Dans le cadre du CRC cependant, il reste à comprendre si le milieu inflammatoire précité et les marqueurs moléculaires qui lui sont associés sont le reflet d’un environnement favorisant la tumorigénèse ou plutôt l’effet direct de la présence de la malignité.

Si ce dernier était vrai, nous devrions observer une corrélation cohérente entre la charge tumorale et le niveau d’inflammation. En cas de paramètres liés à l’inflammation tels que le rapport neutrophiles / lymphocytes (NLR), le rapport Plaquettes / lymphocytes (PLR) et le RDW, nous devrions remarquer au moins une corrélation partielle entre leurs valeurs avec les tumeurs les plus étendues.

En fait, ce n’est pas invariablement le cas. Outre l’absence de corrélation entre H-RDW et la charge tumorale constatée dans notre étude, notre même groupe a déjà analysé d’autres marqueurs inflammatoires associés tels que NLR et PLR, et a constaté que l’association entre des niveaux élevés de ces marqueurs et une survie globale et sans maladie n’était pas convaincante.2.

Un autre facteur pouvant expliquer une telle variabilité des résultats est la population de patients de l’étude.

Les études où le RDW s’est avéré corrélé à la charge tumorale proviennent principalement de centres orientaux. Il est bien connu que les populations de l’Est souffrent moins de comorbidités et sont de meilleurs candidats chirurgicaux. La présence d’autres pathologies dans la population de patients occidentaux peut affecter leur statut « inflammatoire » et interférer avec le niveau d’inflammation – charge cancéreuse « dose-effet » constaté dans les études orientales. Cela peut signifier que la mortalité globale des patients occidentaux présentant une augmentation de la RDW pourrait être due à d’autres facteurs non directement liés à la malignité colorectale. Il convient de rappeler que les valeurs de RDW peuvent changer à la suite d’une anémie ferriprive, de maladies inflammatoires chroniques (UC et CD), d’une malnutrition ou même d’une mutation germinale prédisposant au cancer colorectal.

L’une des limites de nos études et de celles d’autres auteurs est qu’elles ne sont pas ajustées pour ces facteurs de confusion.

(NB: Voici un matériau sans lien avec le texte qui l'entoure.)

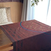 赤黒く染まった布、ざっくりとした刺繍 145x140cm キャンバス地のしっかり固めを、縁縫い加工しました。
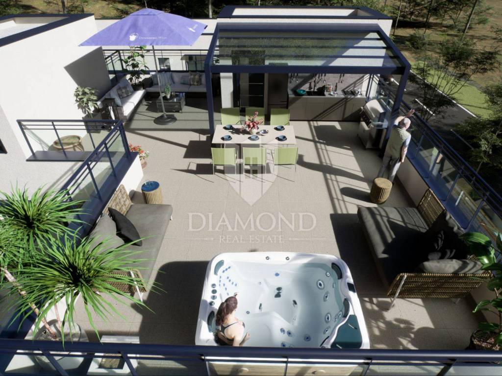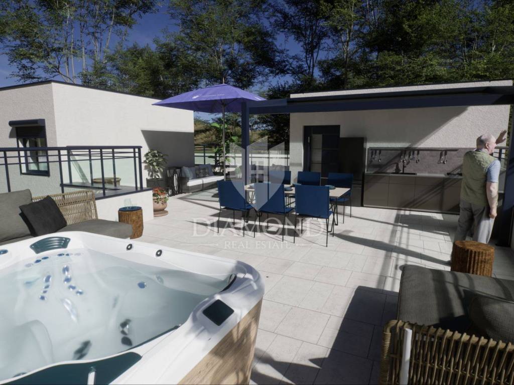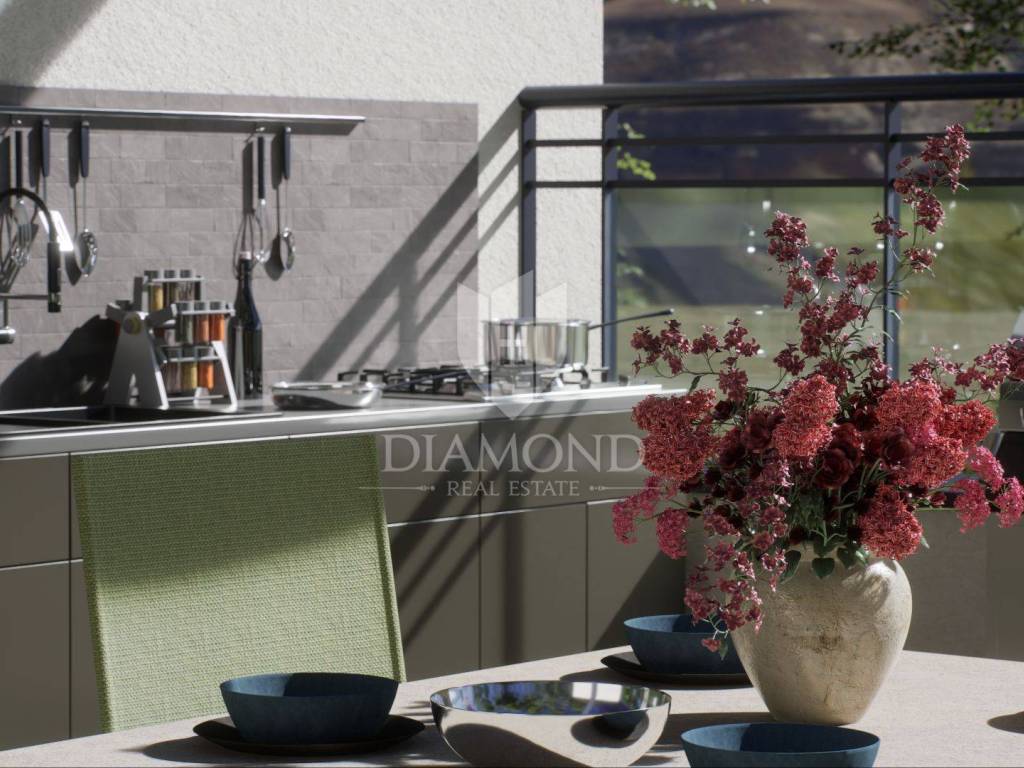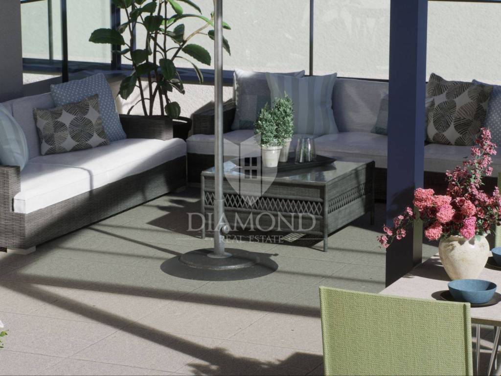 First floor apartment with private roof terrace and parking space - new construction in the suburbs of Poreč In a quiet and attractive settlement on the edge of Poreč, located just one kilometer from the sea and two kilometers from the city center, the construction of a modern residential building begins that will satisfy even the most demanding buyers. The first floor apartment offers the perfect combination of privacy, comfort and proximity to all important amenities, making it an excellent opportunity for living, vacation or investment. The apartment has been carefully designed to offer a spacious living room with dining room and kitchen in an open concept, while two bedrooms provide a quiet and comfortable space for relaxation. The master bedroom has its own bathroom, while the second bathroom is located right next to the second bedroom and living area. All rooms are air-conditioned, which allows for optimal temperature control throughout the year. What makes this property special is the large private roof terrace of 82.55 m², ideal for creating your own oasis of peace. There is the possibility of installing a jacuzzi, outdoor kitchen, sundeck or other amenities as desired, which further increases the quality of living and the value of the property. The entrance to the building and the internal staircase are also private and are used exclusively by the owners of this apartment, which further ensures a sense of exclusivity. This property is the perfect choice for those who want a combination of modern life, privacy and living space that can be adapted to individual wishes, all in an exceptional micro-location near the sea and the city. The apartment comes with one parking space, and the price is expressed with VAT included, which means that the buyer does not pay real estate transfer tax. Completion of construction is planned for 2026.
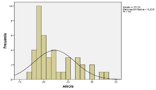 Podemos advertir, además, que el grueso de los estudiantes ingresó con una edad que oscila entre los 17 y 20 años (50%), lo que deja en evidencia una manifiesta continuidad de los estudios culminados en la Enseñanza Media. El grupo de estudio tiene una edad promedio de 22.24 años, presentando una desviación típica de 4.22 años, lo que se aprecia en el Gráfico 2.
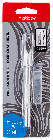 | 905135 | Нож канц. 37х9 мм Hatber скальпель +2 лезвия метал. корпус в блист. с европодвесом | UK_060166 | 0.03 | 24 | |
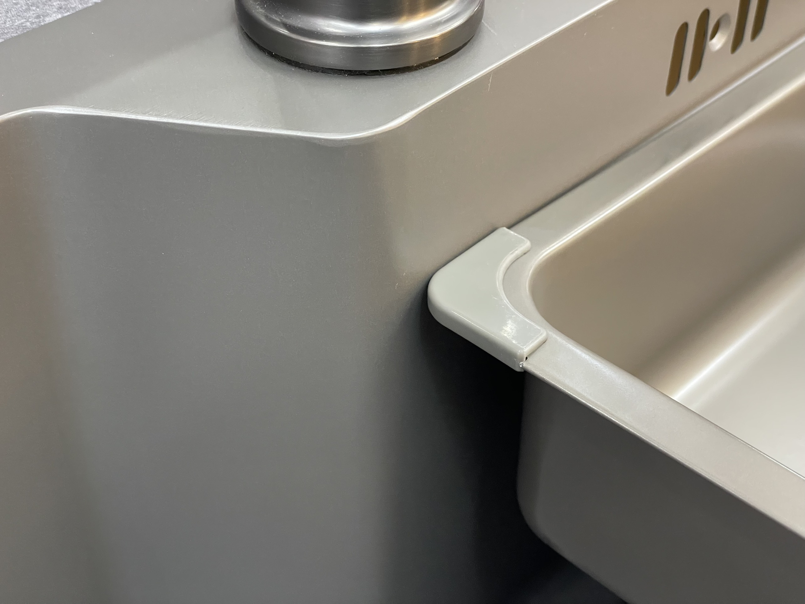 Điểm nhấn ở thành chậu cũng như tổng thể chậu rửa nằm ở thiết kế bo góc đẹp mắt ở 4 góc. Thiết kế này không chỉ mang tính thẩm mỹ cao mà còn giúp các thực phẩm, đồ dùng trong quá trình rửa được giữ lại trong hộc rửa không bị rơi ra ngoài.
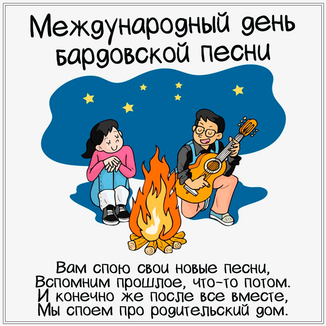 Дорогие друзья, барды, слушатели! Поздравляю с нашим днем! Желаю неиссякаемого вдохновения, душевных посиделок у костра, верных друзей и чтобы каждая песня находила отклик в сердцах. Открытки на День бардовской песни!
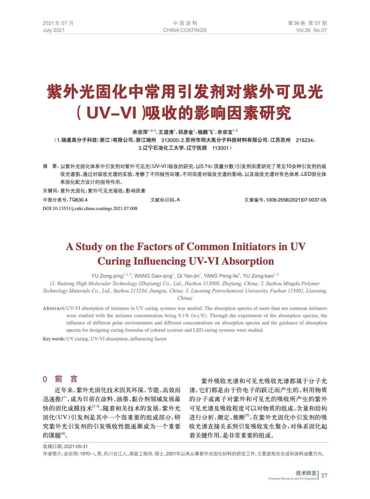 發表于2021-08-30 14:51:55| 次閱讀| 來源中國涂料| 作者余宗萍,王道清,祁彥金,楊鵬飛,余宗寶

Par conséquent, il n’est pas possible de conclure que le RDW est un facteur de risque indépendant de faible survie dans les brevets sur le cancer colorectal.

Notre analyse de régression multivariée de Cox confirme également cette affirmation. Dans notre étude, les valeurs de RDW élevées et faibles ajustées en fonction de l’âge, du sexe, de la localisation de la tumeur, de l’intention de la chirurgie et du stade TNM ne constituaient pas un prédicteur indépendant du pronostic de la survie globale ou liée au cancer.

En conclusion, nous pensons que le RDW représente un facteur pronostique important de la survie globale.

Cependant, même si cela semble avoir une certaine valeur pronostique dans le cancer colorectal, l’hypothèse selon laquelle les valeurs de H-RDW sont en corrélation avec une maladie plus étendue ou agressive ne devrait pas être faite. Il est possible que des facteurs qui favorisent, ou sont une conséquence du CRC, provoquent des modifications des valeurs de RDW.

D’autres études très poussées sont nécessaires pour élucider le rôle du RDW dans chaque tumeur maligne spécifique. La présence de nombreux facteurs de confusion dans les cohortes de ces patients peut rendre la définition de la valeur pronostique du RDW très difficile à atteindre.